MRI is an important imagining tool used extensively in clinical medicine. Approximately 40 million MRI scans are performed annually in the U.S., with 40% requiring the use of a contrast agent to enhance imaging.

All contrast agents currently approved by the U.S. Food and Drug Administration use gadolinium, a rare earth element once considered safe, but is now linked to nephrogenic systemic fibrosis. The FDA and European Medicines Agency have become increasingly concerned about gadolinium deposits in brain tissue, bone and skin of patients with multiple exposures, and have placed restrictions on the use of gadolinium contrast agents.

Timothy Cook.

The Morrow and Cook team will use a $49,735 award to develop a new MRI contrast agent that replaces gadolinium with iron-derived compounds. Morrow is co-founder of Ferric Contrast, a startup that is working to commercialize this product.
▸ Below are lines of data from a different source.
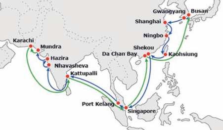 The port rotation of the new service is Abu Dhabi Port (UAE), Hamad Port (Qatar), Jubail Port (Saudi Arabia), Abu Dhabi Port (UAE), Karachi Port (Pakistan), Mundra Port (India), Hazira Port (India), King Abdullah Port (Saudi Arabia), Alexandria El Dekheila Port (Egypt), Canakkale Port (Turkey), Tekirdag Port (Turkey), Canakkale Port (Turkey), Aliaga Port (Turkey), Mersin Port (Turkey), King AbdullahPort(SaudiArabia),andJebelAliPort(UAE).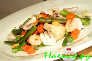 Смешать морепродукты с луковой массой.Добавить мелкопорезанный укроп и перец.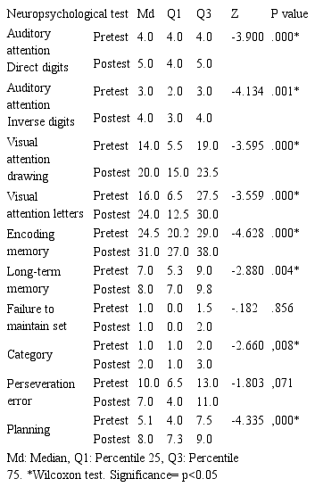 In attention process, increase in the volume of digits retention task were observed. Likewise, in the drawings and letters selection task, errors of omission and commission were decreased while execution speed in task was increased. In words memory tasks, major volume of words recall was observed, both short and long term. Finally, in the planning tasks through designs, to decrease in number of movements for the realization of each model was found (Figure 1).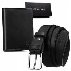 Zestaw prezentowy: portfel i pasek ze skóry ekologicznej czarny - Rovicky R-N004-110-PU03

Development of Acid-Switch ADCs to Treat HER2 Expressing Solid Tumors

Dhaval K. Shah, Department of Pharmaceutical Sciences

Antibody-Drug Conjugates (ADCs) are a class of molecules which promise to selectively deliver chemotherapeutic drugs precisely to cancer cells, avoiding toxic side effects typically associated with chemotherapy. Despite significant recent advancements, ADCs have suffered from lack of efficacy in low antigen expressing patients and off-target toxicity.

Dhaval Shah.

The $80,000 award will assist Shah and his team in using antibody engineering approaches to improve cellular delivery of ADCs, thereby mitigating their toxic effects and improving their potency.

Innovation Hub applications are accepted on a biannual basis. The current funding schedule is found on the program’s website.

Innovation Hub supports moving innovative, technology-driven solutions to current and future problems to have a wide-ranging positive local, national and global impact. Applicants must be from UB or partner organizations Roswell Park Comprehensive Cancer Center, The Jacobs Institute, Hauptman-Woodward Medical Research Institute and Kaleida Health.